# What is the radius of a geosynchronous satellite?

1. Dec 13, 2009

### warfreak131

1. The problem statement, all variables and given/known data
Find the radius R of the orbit of a geosynchronous satellite that circles the earth. (Note that R is measured from the center of the earth, not the surface.) You may use the following constants:

* The universal gravitational constant G is $$6.67 \times 10^{-11}\;{\rm N \; m^2 / kg^2}$$.
* The mass of the earth is $$5.98 \times 10^{24}\;{\rm kg}$$.
* The radius of the earth is $$6.38 \times 10^{6}\;{\rm m}$$.

The correct answer is $$4.23\times10^7\;{\rm m}$$, but I get a different answer.

2. Relevant equations

$$T=2\pi\sqrt{\frac{R^3}{GM}}$$

3. The attempt at a solution

Since T is measured in seconds, and there are 86,400 seconds in a day, some simple algebra gives me the answer of 1,994,400,816 m. What am I doing wrong?

2. Dec 13, 2009

### ehild

The formula is correct, do your calculation again. Use the normal form of the numbers.

ehild

3. Dec 13, 2009

### warfreak131

what is the "normal form" for these numbers?

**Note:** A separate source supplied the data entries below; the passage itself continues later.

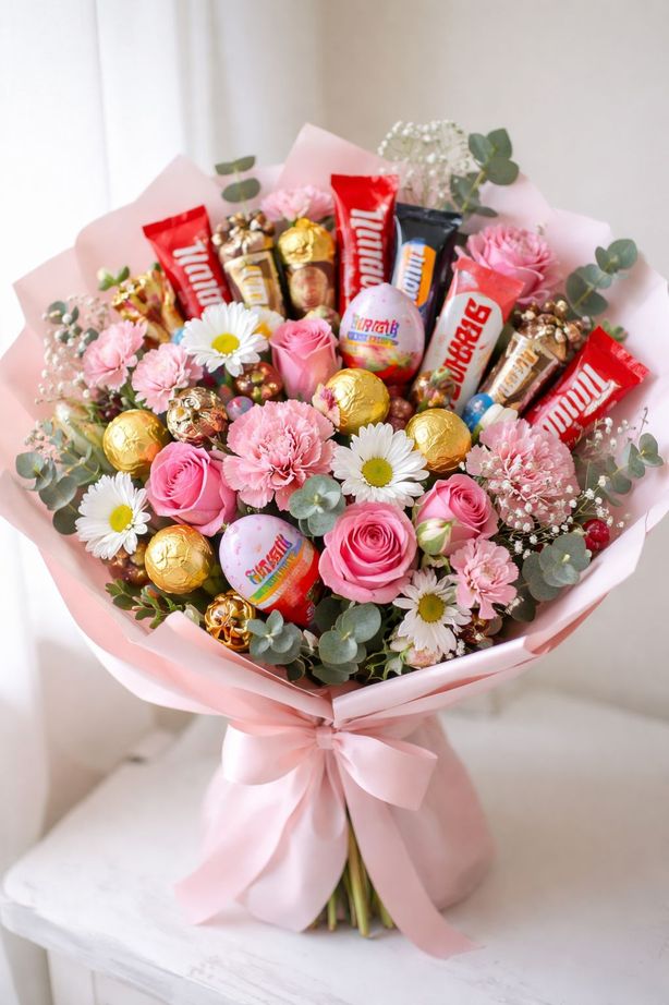 Mélange de fleurs fraiches de saison et friandises (cachers)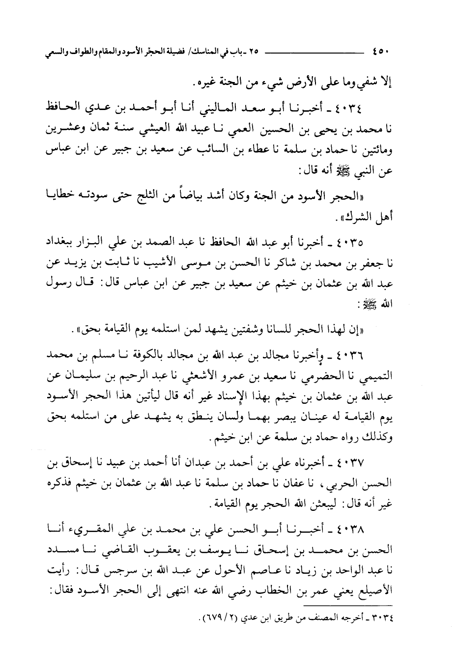 4036 - و أخبرنا مجالد بن عبد الله بن مجالد بالكوفة نا مسلم بن محمد التميمي نا الحضرمي نا سعيد بن عمرو الأشعثي نا عبد الرحيم بن سليمان عن عبد الله بن عثمان بن خيثم : بهذا الإسناد غير أنه قال : ليأتين هذا الحجر الأسود يوم القيامة له عينان يبصر بهما و لسان ينطق به يشهد على من استلمه بحق و كذلك رواه حماد بن سلم عن ابن خيثم
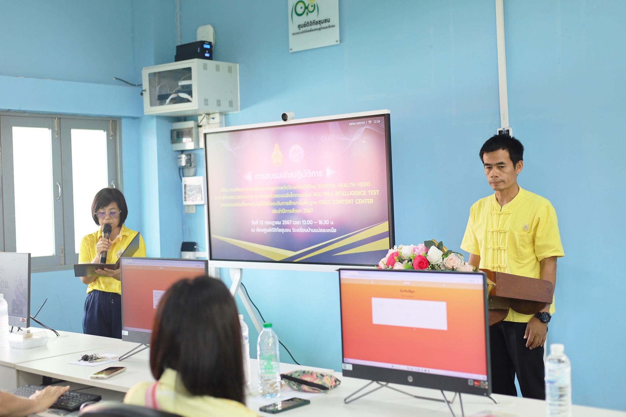 วันที่ 12 กรกฎาคม 2567 นายสุพล สาเป็ง ผู้อำนวยการโรงเรียนบ้านแม่สละเหนือ เป็นประธานกล่าวเปิดการอบรมเชิงปฏิบัติการ เรื่อง การพัฒนาขับเคลื่อนระบบสุขภาพจิตโรงเรียนวิถีใหม่ (School Health HERO) ระบบสำรวจแววความสามารถพิเศษด้วยระบบ-อิเล็กทรอนิกส์ (Multiple Intelligence Test) ระบบคลังสื่อเทคโนโลยีดิจิทัลระดับการศึกษาขั้นพื้นฐาน (OBEC Content Center) ประจำปีการศึกษา 2567 ตามโครงการส่งเสริมและพัฒนา สมรรถนะบุคลากรทางการศึกษา กิจกรรมอบรมสัมมนาพัฒนาศักยภาพครู ณ ห้องศูนย์ดิจิทัลชุมชน โรงเรียนบ้านแม่สละเหนือ ผู้เข้ารับการอบรมเป็นข้าราชการครู และบุคลากรทางการศึกษา โรงเรียนบ้านแม่สละเหนือ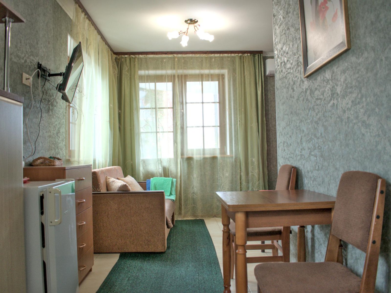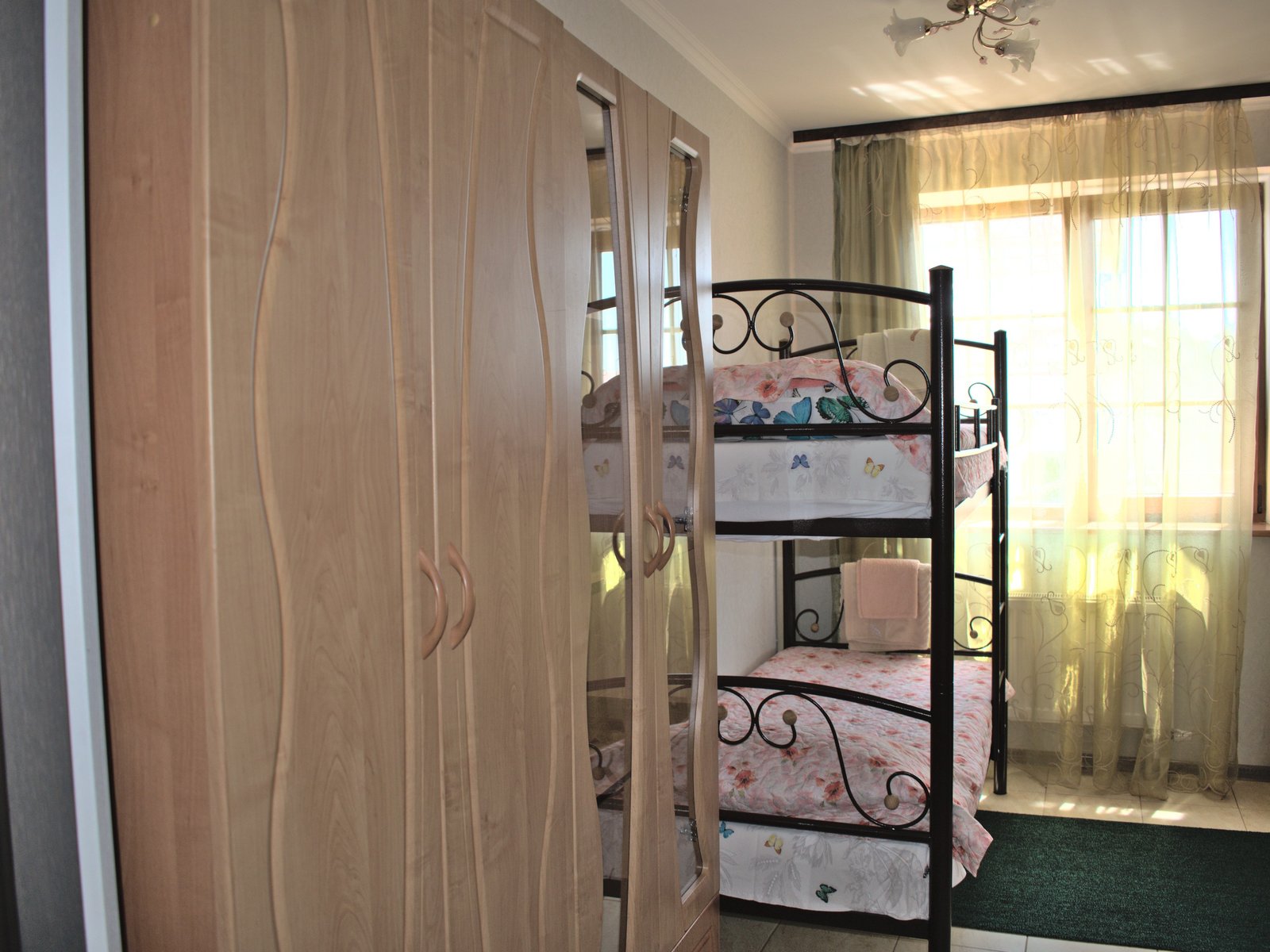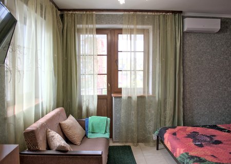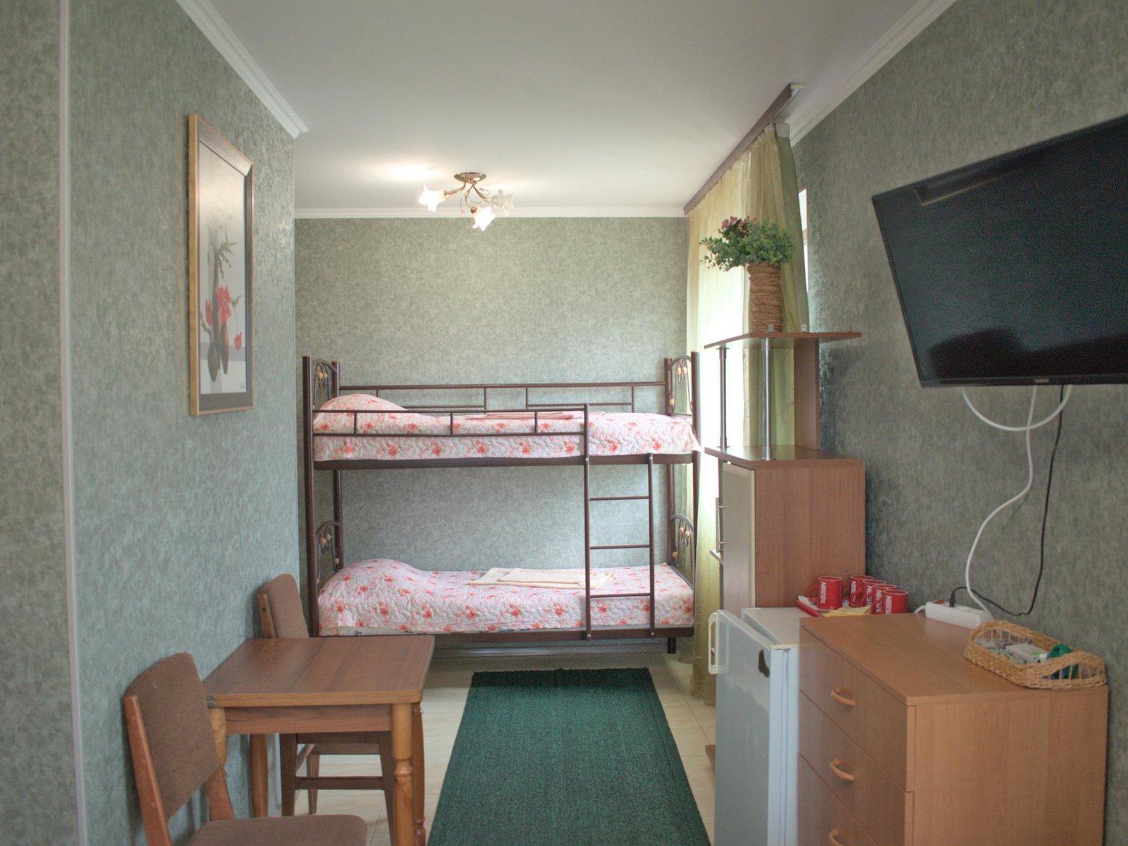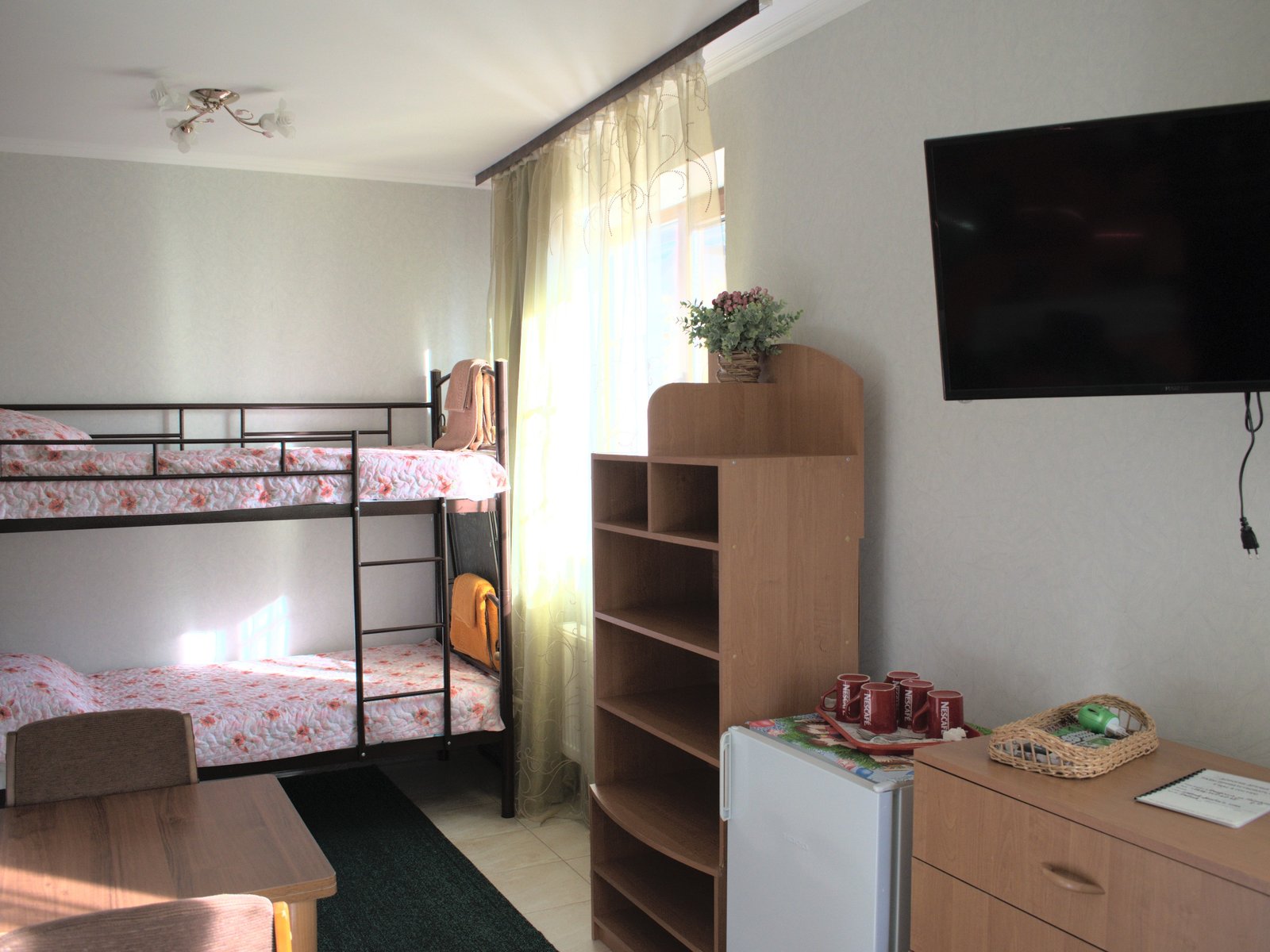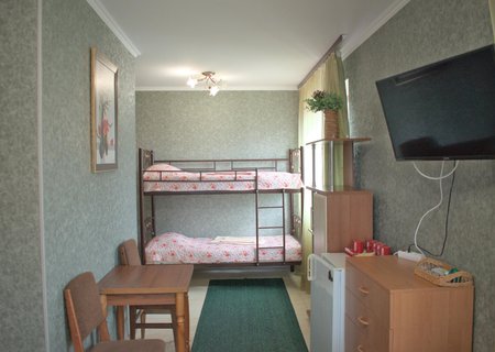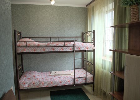 Удобный недорогой номер для большой семьи. В номере имеется большая двухспальная кровать для родителей, удобная двухъярусная кровать для детей и диван. Также в номер можно добавить еще одну небольшую кровать для дополнительного места. Номер оборудован всем необходимым для семейного отдыха в Феодосии. Кроме этого, мы предоставляем отлично оборудованную кухню, уютный зеленый дворик и беседку для отдыха всей семьи. Для детей во дворике имеется детская площадка с песочницей, красочным домиком, ярким комплектом стола и стульев, мячей, игрушек.

EDIT: I did the calculation a different way, and I got the right answer, but the only thing I did differently was the order that I did the algebra in. I don't know where my error lies.

I normally did:

$$\frac{86400\times\sqrt{GM}}{2\pi}=\sqrt{R^3}$$

and solve for R, but instead, this time I did:

$$86400^2=4{\pi^2}\frac{R^3}{GM}$$
$$\frac{86400^2\times{GM}}{4{\pi^2}}=R^3$$

and it worked..... what did i do wrong the first time?

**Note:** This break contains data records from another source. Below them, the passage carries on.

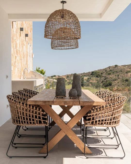 Natural textures define this covered patio space overlooking a scenic valley. A chunky wooden table with X-shaped legs stands as the central focal point. Woven chairs with black cushions offer a stylish place for guests to sit.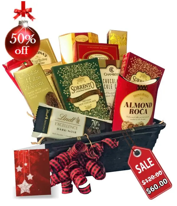 Our Gift Basket Gourmets have hunted down the most decadent treats ever and used them to create this Holiday theme gift basket full of tempting treats. Comprised solely of the most luxurious treats this completely irresistible vision of a gift basket is as good as it gets. Call it what you will - we call it the Best Deal in Town - period!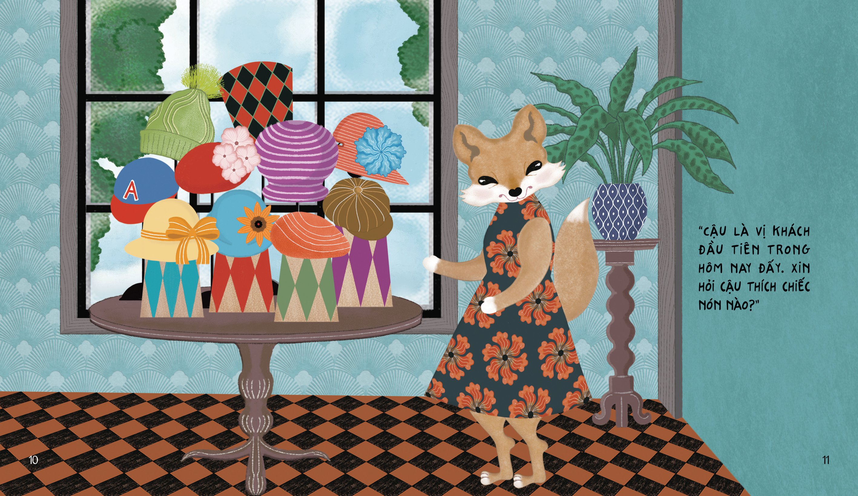 Mỗi ngày Bà Cáo đều say mê làm nón. Cửa tiệm của Bà Cáo có đủ kiểu nón đẹp nhất trên đời: Nón bê rê, nón chóp cao, nón lưỡi trai… Mỗi vị khách lại yêu thích một loại nón riêng. Mời bạn đến thăm cửa tiệm tuyệt vời của Bà Cáo nhé!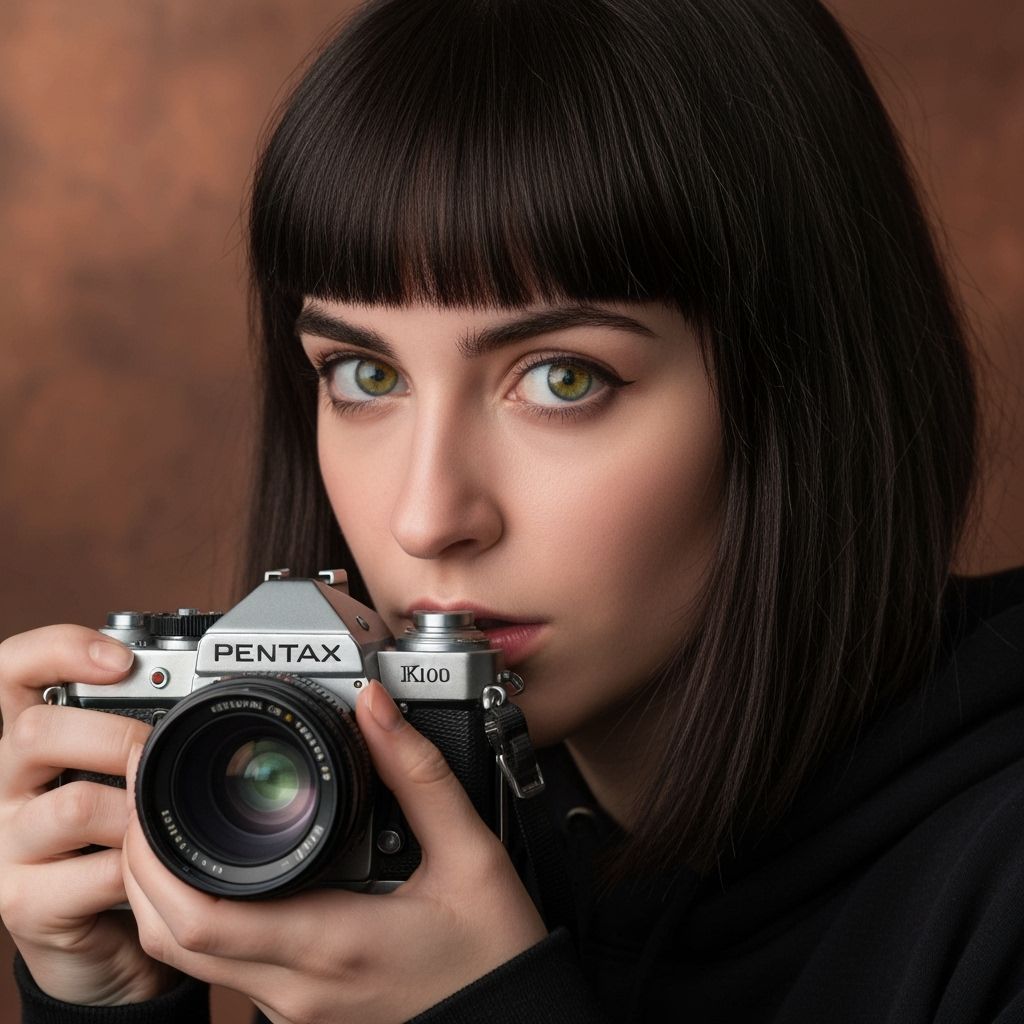This image shows a close-up portrait of a stunning French woman with cut bangs. The hyperrealistic rendering features bright olive eyes, volumetric lighting, and high contrast on textured copper metal paper.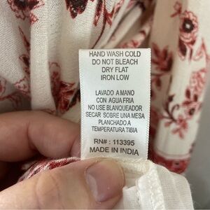 Cream floral, on or off the shoulder, smocking through the bodice, 3/4 bell sleeves, mini slip lining, feminine, boho, cottage core/granny core.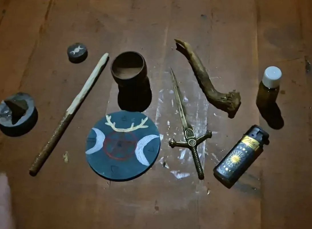 Amit itt látunk, az egy wicca-boszorkányoltár. Az egyik fontos kellék a földelemet szimbolizáló pentákulum, a levegőt jelképező tőr, a tüzet megjelenítő pálca és a vízelemet jelképező kehely

if you square the first equation, you get the same thing......

2nd edit, nevermind, i know what I did wrong.

this has been a nice lesson for me in making sure I properly place parenthesis in a calculator to ensure teh correct order of operations. because $$x/2\pi$$ is not interpreted as $$x/(2\pi)$$, but instead as $$\frac{x}{2}\pi$$

Last edited: Dec 13, 2009
4. Dec 13, 2009

### ehild

Never forget the parentheses in the denominator!!!!:rofl:

ehild

5. Dec 13, 2009

### Staff: Mentor

No idea why radius of a satellite should depend on the Earth mass.